Living in Northwestern Pennsylvania, we are kind of out of the Silicon Valley mail loop. I've been on Victor Yodaiken's RTL mailing list for two years and still didn't understand the landscape. Your article really helped.
Thanks for helping us stay current.
—Raymond C. Minich
There is an error in “The Best of Technical Support” in LJ February 2001. “ide-floppy” is not the appropriate module for ATAPI class ZIP drives. ide-floppy works for the original non-ATAPI IDE ZIP drives. The appropriate module is “ide-scsi”. This information may be found in the ZIP drive HOWTO.

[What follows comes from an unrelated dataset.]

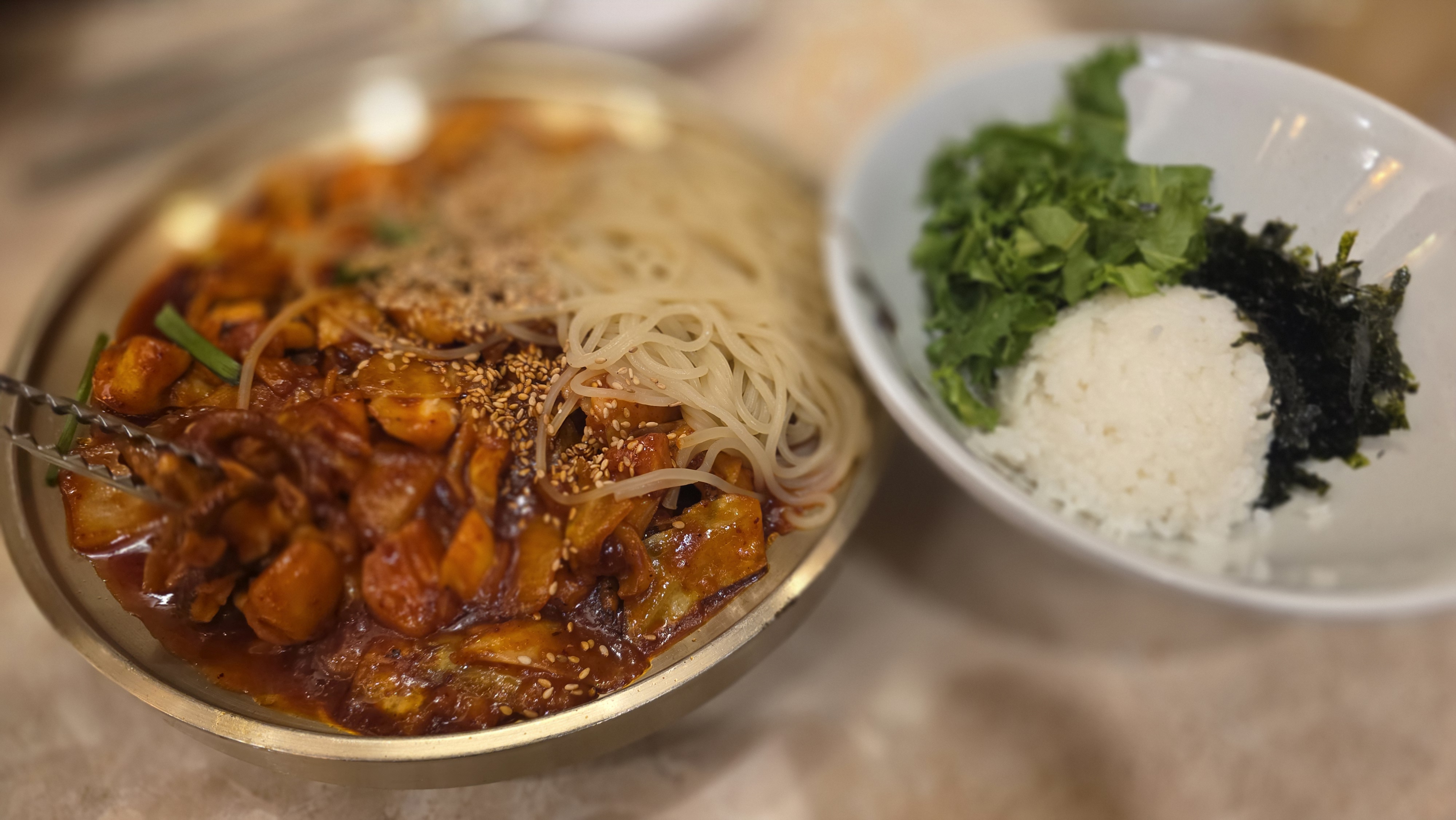 쭈꾸미뽁음의 맵기 강도 조절이 있었는지 기억이 안나네요. 불향과 매콤함이 섞여서 매콤함이 더 오래 가는 맛이었습니다.

This is a very serious difference. From firsthand experience, I know that using ide-floppy on an ATAPI class ZIP drive will seem to work but will invariably cause filesystem damage on the ZIP disk (unless one does read-only operations with it).
Sincerely yours,
—Michael O'Brien
One of the examples in Mick Bauer's “101 Uses of SSH, Part II” article (LJ February 2001) gives a misleading impression of security. Listing 6 shows how FTP can be tunneled over ssh port-forwarding. If this were any other protocol (say POP3 or IMAP), things would be fine.
But FTP actually uses two connections, not just one. The primary connection (port 21) is used as a control channel, issuing commands to the server. The secondary channel is set up each time there is data to be transferred on a different and random port, if using passive mode. If you're not using passive mode, the situation gets worse. The server tries to make a connection back to you from port 20. Chances are this will be blocked stone dead by any firewall nearby.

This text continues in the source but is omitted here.